--- Data ---

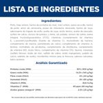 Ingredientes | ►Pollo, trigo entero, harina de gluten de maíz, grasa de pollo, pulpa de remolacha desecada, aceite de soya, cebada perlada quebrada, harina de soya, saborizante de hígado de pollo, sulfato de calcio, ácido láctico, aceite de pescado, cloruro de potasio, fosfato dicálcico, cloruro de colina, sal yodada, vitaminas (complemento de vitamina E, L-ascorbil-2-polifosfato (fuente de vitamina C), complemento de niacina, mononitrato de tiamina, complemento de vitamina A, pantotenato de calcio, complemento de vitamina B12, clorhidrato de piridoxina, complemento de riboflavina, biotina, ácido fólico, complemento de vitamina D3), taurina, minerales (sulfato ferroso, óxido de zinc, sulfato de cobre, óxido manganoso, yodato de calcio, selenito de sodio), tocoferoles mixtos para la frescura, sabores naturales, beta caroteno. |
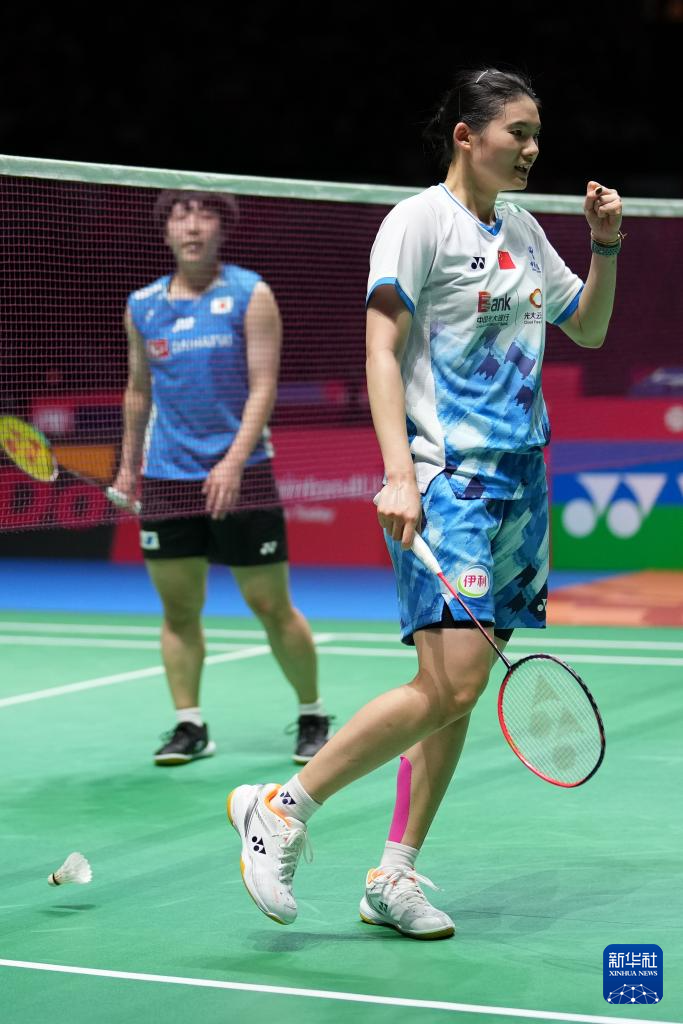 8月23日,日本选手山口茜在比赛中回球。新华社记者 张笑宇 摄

---
--- Data ---

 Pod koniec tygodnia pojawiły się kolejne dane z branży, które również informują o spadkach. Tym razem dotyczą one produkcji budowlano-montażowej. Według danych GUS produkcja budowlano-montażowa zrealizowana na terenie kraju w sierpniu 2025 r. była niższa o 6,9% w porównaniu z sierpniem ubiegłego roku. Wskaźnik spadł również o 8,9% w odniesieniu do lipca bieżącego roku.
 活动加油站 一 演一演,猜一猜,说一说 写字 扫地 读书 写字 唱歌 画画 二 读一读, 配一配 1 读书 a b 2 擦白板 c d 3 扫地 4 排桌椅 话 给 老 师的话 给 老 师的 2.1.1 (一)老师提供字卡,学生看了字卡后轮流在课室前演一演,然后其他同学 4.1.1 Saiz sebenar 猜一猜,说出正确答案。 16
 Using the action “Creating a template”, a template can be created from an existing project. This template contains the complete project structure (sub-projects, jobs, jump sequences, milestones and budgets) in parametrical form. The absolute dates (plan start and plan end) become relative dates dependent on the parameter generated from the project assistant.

---

About this task: In the data above, retype exactly and only the lines between the one holding "活动加油站 一 演一演,猜一猜,说一说" and the one holding "Using the action", inclusive.

Answer box:
 活动加油站 一 演一演,猜一猜,说一说 写字 扫地 读书 写字 唱歌 画画 二 读一读, 配一配 1 读书 a b 2 擦白板 c d 3 扫地 4 排桌椅 话 给 老 师的话 给 老 师的 2.1.1 (一)老师提供字卡,学生看了字卡后轮流在课室前演一演,然后其他同学 4.1.1 Saiz sebenar 猜一猜,说出正确答案。 16
 Using the action “Creating a template”, a template can be created from an existing project. This template contains the complete project structure (sub-projects, jobs, jump sequences, milestones and budgets) in parametrical form. The absolute dates (plan start and plan end) become relative dates dependent on the parameter generated from the project assistant.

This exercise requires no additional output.